次日,魚娘和沈思安先去李家和李大成他們拜別,此去京城很可能數年都不會再見面,不止是陳氏流眼淚,顧氏和王氏也都紅了眼眶。
王氏不舍道“你大哥一家都在京城,記得多和他們走動走動,初到京城人生地不熟的,有個親人在旁邊幫襯著會順利些。”
魚娘即將離開云陽縣,心中的不舍不比任何人少,“伯娘你放心吧,有事我一定會去找大哥。”
“哎哎,還有這個,這是我給綾羅肚子里的孩子做的衣服,我這也去不了京城,她生孩子我都不能去照顧一下,你說這”
王氏遞給魚娘一個裝的鼓囊囊的包裹,雖都是衣服,拎起來卻有幾分重量,可見里面塞的東西有多少,魚娘把包裹抱在懷中,免得拎不動掉了下去。沈思安在旁邊,順勢接過了包裹。
遞好了包裹,王氏還有話要說“還有,你告訴二牛千萬別分心,一定要跟著大牛和思安好好學,不然回來我饒不了他。”
魚娘道“伯娘你就放心吧,二哥的性子早改了。”
陳氏叮囑完了還有顧氏,李叔河一家沒有人在京城,顧氏只道讓魚娘在外多保重自己,“嬸娘知道你聰明,什么事都不肯服輸,可在外面不比家里,該低頭就低頭,千萬別逞強。”
雖不知為何自己會給顧氏留下一個不服輸的印象,魚娘還是點頭應是,“嬸娘我都知道了,萬事有思安在,我不會逞強的。”
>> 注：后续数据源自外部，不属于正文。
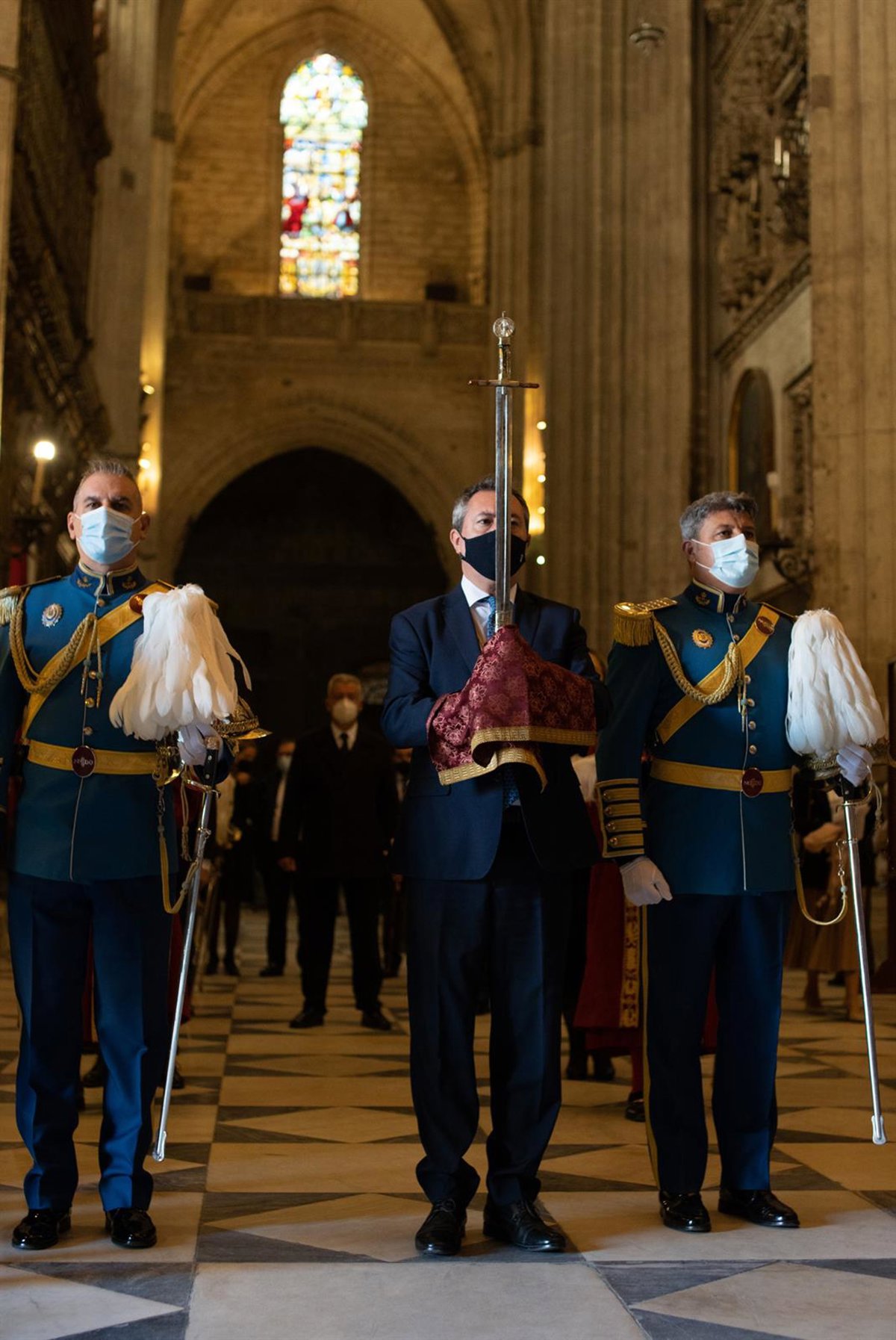 El alcalde de Sevilla, Juan Espada porta la espada de San Fernando en el interior de la Catedral en los actos religiosos con motivo de la Festividad de San Clemente. En la Catedral de Sevilla a 23 de noviembre 2020 - Eduardo Briones - Europa Press

顧氏欣慰笑道“我不擔心思安,我就擔心你,你肯聽他的話就好。這是我給你和大牛帶的東西,拿著別嫌少。”
又一個大包裹遞過來,接過來胳膊瞬間沉了幾分,魚娘順手把它塞到了沈思安的懷里。
“嬸娘,這哪里是少分明是太多了。伯娘一個包裹你一個包裹,非把拉車的馬給累壞不可。”
劉氏不耐煩道“給你你就收著,都是他們的一番心意。”
自分家后,劉氏身上沒了擔子,每天不是去找劉大舅母和劉二舅母嘮嗑,就是去外面的寺廟求神拜佛,興許是神佛保佑,她直來直去暴躁的性子軟和了不少,至少對著魚娘偶爾能有一兩個笑臉了。
魚娘又走到李大成面前,輕喚了一聲“爺爺”。
李大成的臉上帶著一如既往的溫和笑意,抬手輕輕拍了拍她的肩膀,傷感道“我們魚娘長大了,以后要有自己的家了”
李大成越說心里越不是滋味,魚娘在他身邊長大,又聰慧又懂事,這么多子孫輩中,只有魚娘最得他的心意。一下子幾年不見面,連個書信都難以送到,任誰都高興不起來。
魚娘強顏歡笑“爺爺我走了,你記得照顧好自己的身體。”
李大成轉過身擺擺手,“走吧走吧,你們長大了都要走遠的。”
馬車離開了云陽縣城后,魚娘心里還是難受得厲害,爺爺今年滿六十了,她這一走見面的機會就少了。
沈思安拉住魚娘的手,“等從翰林院出來后,我走動走動,看能不能外放到南邊當個地方官,屆時離云陽縣城近一些,回家會容易許多。”
魚娘勉強一笑,點點頭,轉而問道“當初離開云陽的時候,你在想什么”
沈思安坐在她的旁邊,平和道“沒想什么,只想著要一鼓作氣考上進士,讓我的祖父和父母在九泉之下能夠安心。
“直到祖母病重,我才發現原來這些都是虛的,真正重要的是身邊的人,可惜我明白的太晚了。”
人死不能復生,對祖母的愧疚一直在他心底纏繞不散。
“老師走的時候很安詳。我陪在她身邊直到最后一刻,她對我說,這輩子沒什么可遺憾的了,榮華富貴享夠了,夫妻恩愛和睦,孫子也爭氣。流離失所是受了一些苦,可是又遇到了昔日的故人,上天待她不薄。”
沈思安緊緊抱住魚娘,啞聲道“我身邊只有你了。”
離開云陽縣城到安陵后沒有停留太久,找人合租了一條渡船后魚娘和沈思安便準備過蘭江了。
天空蔚藍蔚藍的,飄著朵朵白云,陽光灑在江面上波光閃閃,魚娘站在甲板上欣賞著美景,感慨道“逃荒到安陵后我足有十年沒去過蘭江以北了,江南江北看上去還是那個樣子。”